● **Exercise details**
Every line below from the one with "TIP: The weight" through the one with "Männer Winter Parka" is to be repeated exactly, with no picture among them.

● **Supplied entries**
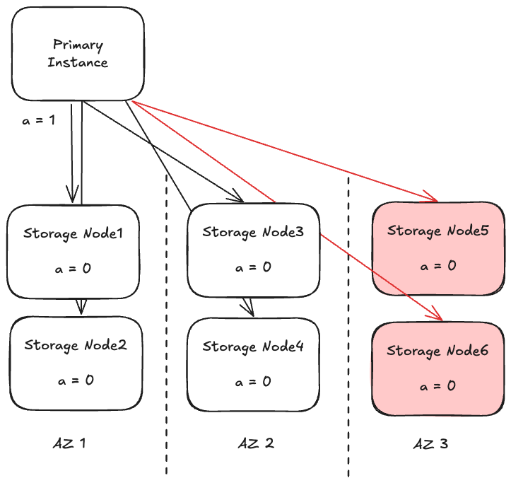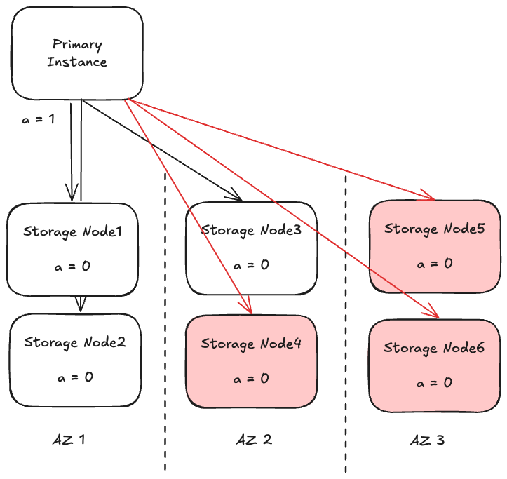 이때 a 의 값을 요청하면 어떻게 될까요? R=3 이기 때문에, 6개의 노드 중 어떤 3개로 부터 값을 수신하더라도 정상인 데이터(a=1)를 수신하거나 데이터 충돌을 판단할 수 있는 데이터(a=1, a=0)를 얻을 수 있게 됩니다. 따라서 W=4, R=3 인 경우 강한 일관성을 만족하게 됩니다. Amazon Aurora는 강한 일관성 (W + R > N) 을 가지고 있음을 볼 수 있습니다.
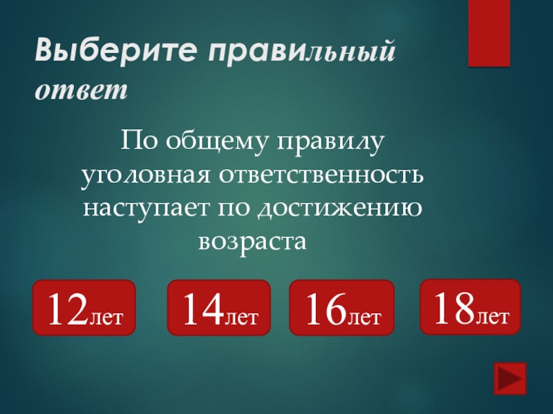 Слайд 40По общему правилу уголовная ответственность наступает по достижению возраста
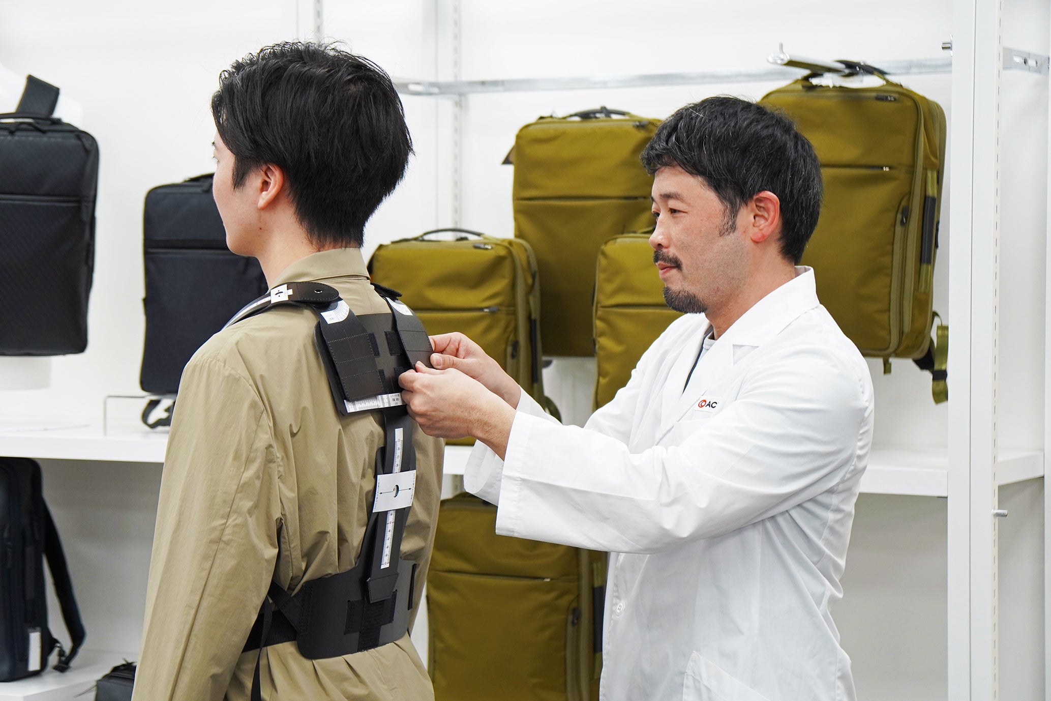 体験型イベント「ハーネスフィットラボ」では、店頭スタッフによる「ガジェタブルDP2 4U」のフィッティング提案や、「4Uハーネス」開発者の博士(工学)若生 然太 がお客様の背中を計測・提案するサービスを日数限定で行います。
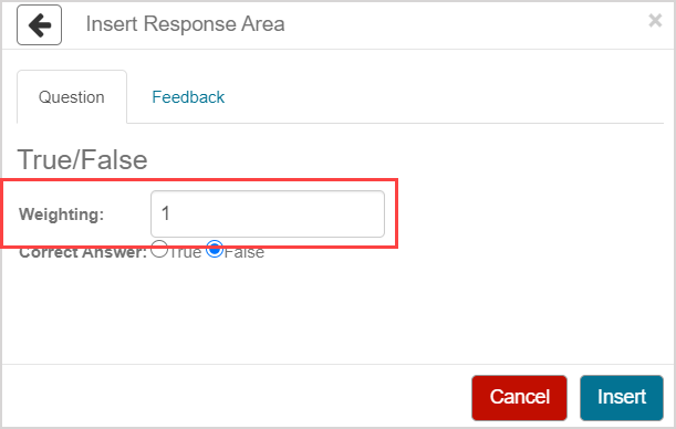 TIP: The weight of the component can be any integer greater than 0, and is calculated proportionate to the total of all weights across the question. Example — A question with two components could have the first weighted as 2, and the second weighted as 4. This means that the second component will be worth twice as much as the first when calculating the total grade for the question.
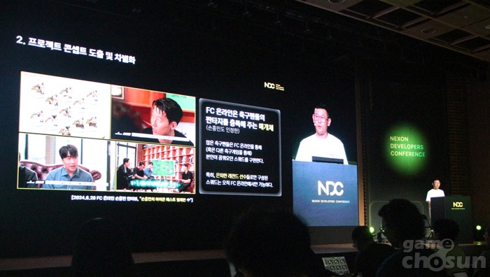 24일, 넥슨코리아 최인기 마케터는 경기창조경제혁신센터 국제회의장에서 축구팬들의 판타지를 현실로 구현한 '넥슨 아이콘 매치'의 프로젝트 구축 과정을 소개하는 포스트모템 세션을 진행했다.
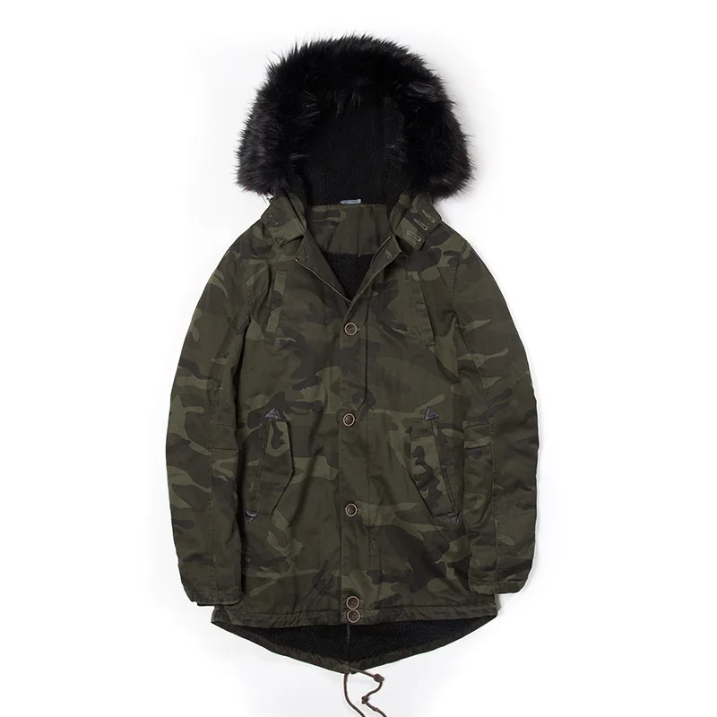 Männer Winter Parka Mit Kapuze - Warme Fleece Jacke Mit Pelzkragen Militärstyle
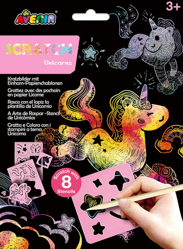 Skvělá řemeslná sada pro malé děti. Tato zábavná sada kombinuje kresbu škrábáním a šablony. Pomocí 8 šablon s mnoha různými obrázky vytvořte kouzelné obrázky. Věk: 3+
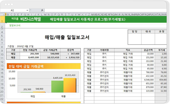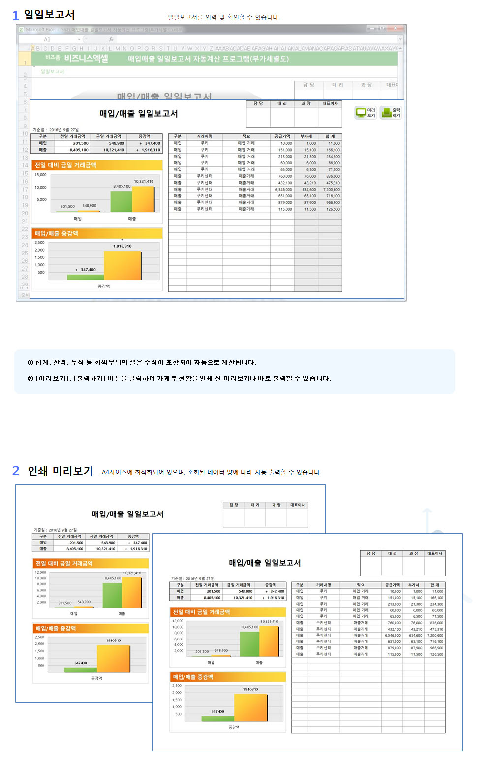 구성 : 일일보고서표준 엑셀문서와 간단한 자동계산 처리!매입매출 일일보고서 자동계산 프로그램(부가세별도)은 표준화된 엑셀문서에 다양한 계산을 자동으로 처리하고 버튼 클릭으로 간편하게 출력할 수 있는 자동계산 프로그램입니다.
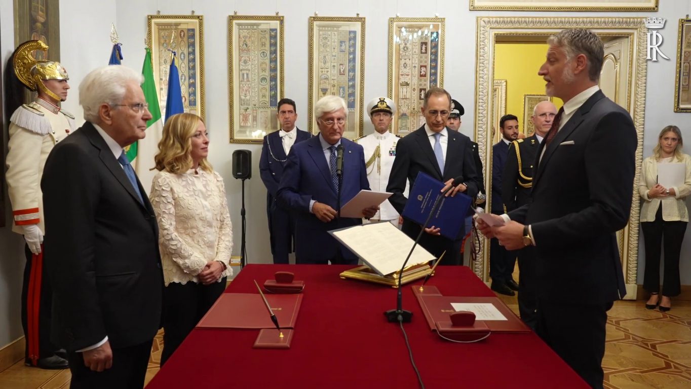 ROMA (ITALPRESS) – ROMA (ITALPRESS) – Il ministro della cultura, Alessandro Giuli, ha prestato giuramento, al Palazzo del Quirinale, nelle mani del Presidente della Repubblica, Sergio Mattarella. Erano presenti anche il presidente del Consiglio dei Ministri, Giorgia Meloni e il sottosegretario di Stato alla Presidenza del Consiglio, Alfredo Mantovano. col3/gsl (Fonte video: Quirinale)
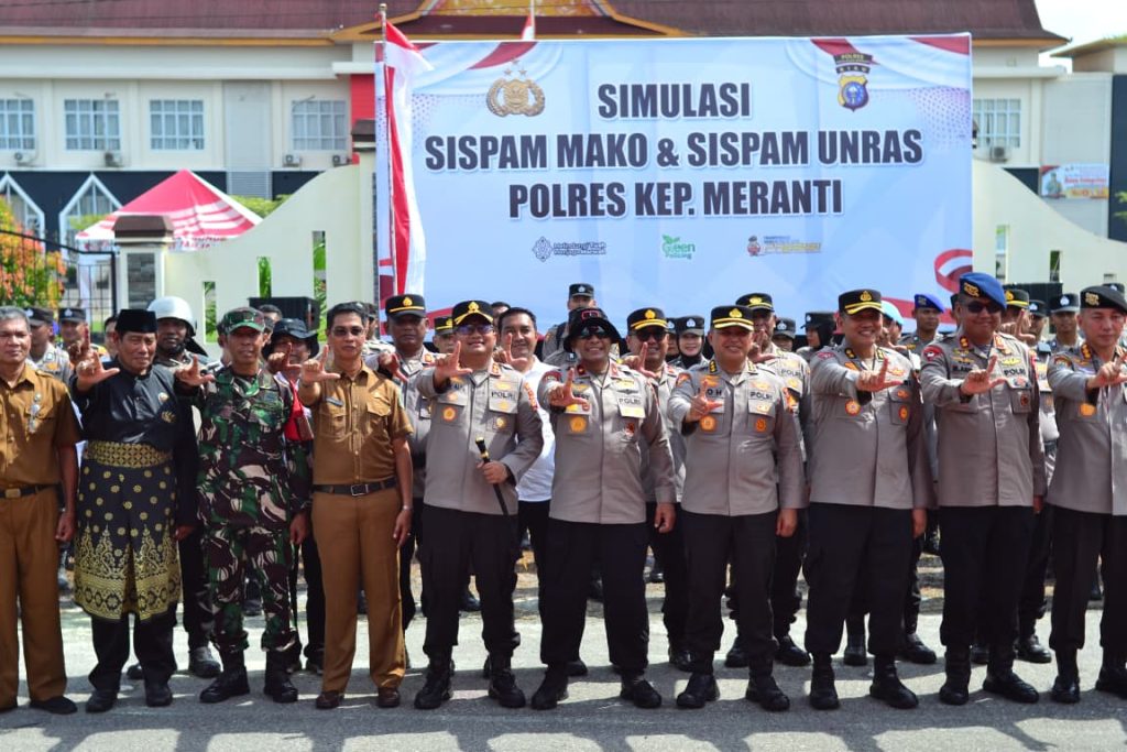 Buser24jam. Meranti – Polres Kepulauan Meranti, Polda Riau, menggelar simulasi gabungan sistem pengamanan markas komando (Sispam Mako) dan sistem pengamanan unjuk rasa di halaman Mapolres Kepulauan Meranti, Senin (27/10/2025).

● **Answer below**
 TIP: The weight of the component can be any integer greater than 0, and is calculated proportionate to the total of all weights across the question. Example — A question with two components could have the first weighted as 2, and the second weighted as 4. This means that the second component will be worth twice as much as the first when calculating the total grade for the question.
 24일, 넥슨코리아 최인기 마케터는 경기창조경제혁신센터 국제회의장에서 축구팬들의 판타지를 현실로 구현한 '넥슨 아이콘 매치'의 프로젝트 구축 과정을 소개하는 포스트모템 세션을 진행했다.
 Männer Winter Parka Mit Kapuze - Warme Fleece Jacke Mit Pelzkragen Militärstyle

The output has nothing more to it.